С первого же дня муж с большим увлечением принялся за сворыньские дела. Неожиданно у него к этому оказались большие способности. Сразу же обратил внимание на принадлежащую имению паровую мельницу. Почему-то она очень редко шла и не приносила ничего, кроме расходов.
- В чем здесь дело? - старался отгадать Валентин Михайлович: На весь околодок две-три несчастных ветренных мельницы и когда ни едешь, они вертятся. Вчера возвращался поздно: ночь, темнота, ветра, кажись и нет, а ветряк, как черный великан-монах, машет крыльями, как бы рукавами. Двери внизу открыты, свет из них падает на подводы, нагруженные мешками. Мужики кругом толпятся. И это около полуночи. А здесь мельница паровая, ни с какой погодой не связана, стоит на бойком месте - перекрестке дорог, и ни один черт носа не кажет.
- Нет завоза, - объяснил ему мельник.
Вникнув в дело, муж узнал, что мужики не рискуют везти зерно на мельницу, потому что никогда не известно, пойдет она или нет: то окажется, что дрова для локомобиля не подвезены, то мазута не хватает, то мельнику вздумается, куда-то отправиться по своим делам.
Кроме того выяснилось, что нужны небольшие починки, на которые Гедроиц не захотел выдать денег.
Когда Валентин Михайлович исправил все эти недостатки и переменил плутоватого мельника, дело сразу пошло. Спустя несколько недель амбар был завален зерном, которым мужики платили на мельнице за помол.

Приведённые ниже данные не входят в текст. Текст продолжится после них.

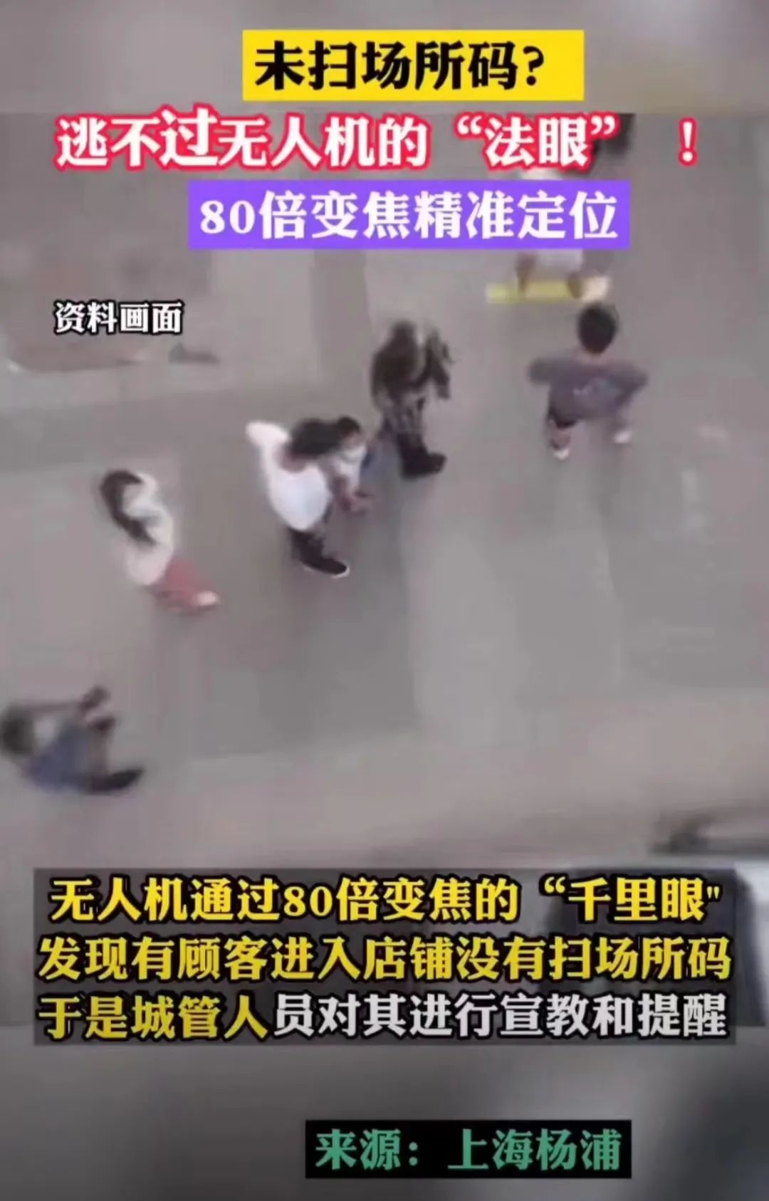 此前有一位顾客进入店铺没有扫场所码,就被无人机通过80倍变焦的“千里眼”发现了。
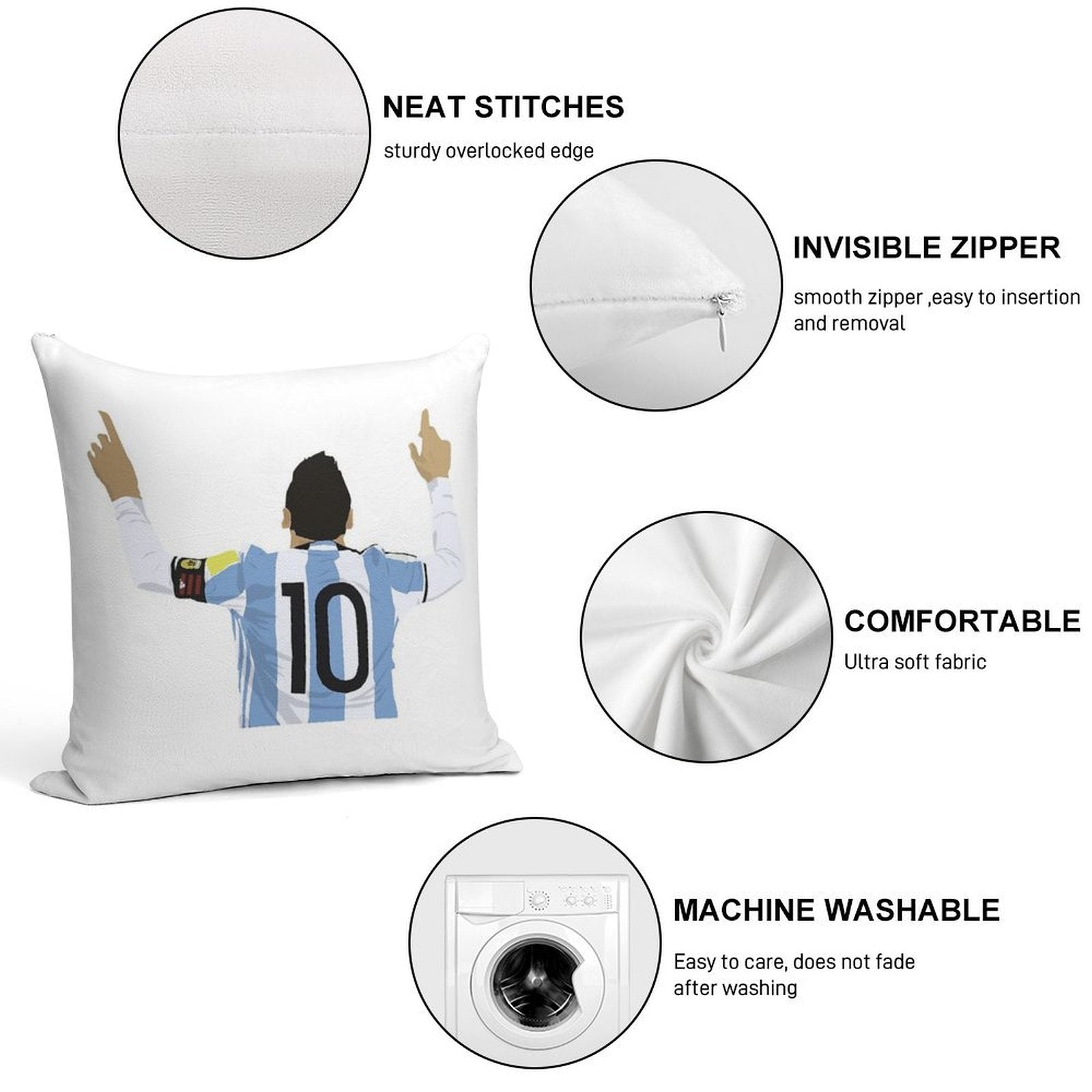 - Reinforced stitching along the edges prevents fraying and extends the life of your Lionel Messi Sticker Pillowcase.

Поправились лошади, коровы, завелись овцы, свиньи и прочая мелочь. На весну было много навозу. Удобрились и засеялись поля. Хозяйство быстро стало развиваться. За три года, которые мы там прожили, Сворыни нельзя было узнать. У нас появилась отличная пара выездных лошадей и верховая мужа, которую ему подарил папа.
Часто вечерами Валентин Михайлович ездил в Ромейки. Он советовался с папой и рассказывал, как у него идут дела. Я понимала, что мужу было приятно показать, как все под влиянием де Вассаля ошибались, считая его "никчемным". Его справедливая гордость была удовлетворена. Кроме того, он, по своему общительному характеру, любил вращаться среди людей. Я же наоборот не любила и не хотела никуда выезжать, погрузившись во всякого рода домашние дела, которые я, как сердито утвержда муж, сама себе выдумывала. Иногда по старой памяти я любила покататься верхом.
В один из золотисто-голубых дней осени, я, въехав во двор, увидела сидевшего на крыльце Гедроица. Смутившись от неожиданности, я осадила лошадь и хотела слезть около конюшни, но, заметив, что князь машет шляпою, подъехала к крыльцу. Изысканно любезный, как всегда, он помог мне сойти с лошади и, здороваясь, с лукавою улыбкою сказал:
- Чего это вы прячетесь от меня? - но затем рассыпался в комплиментах.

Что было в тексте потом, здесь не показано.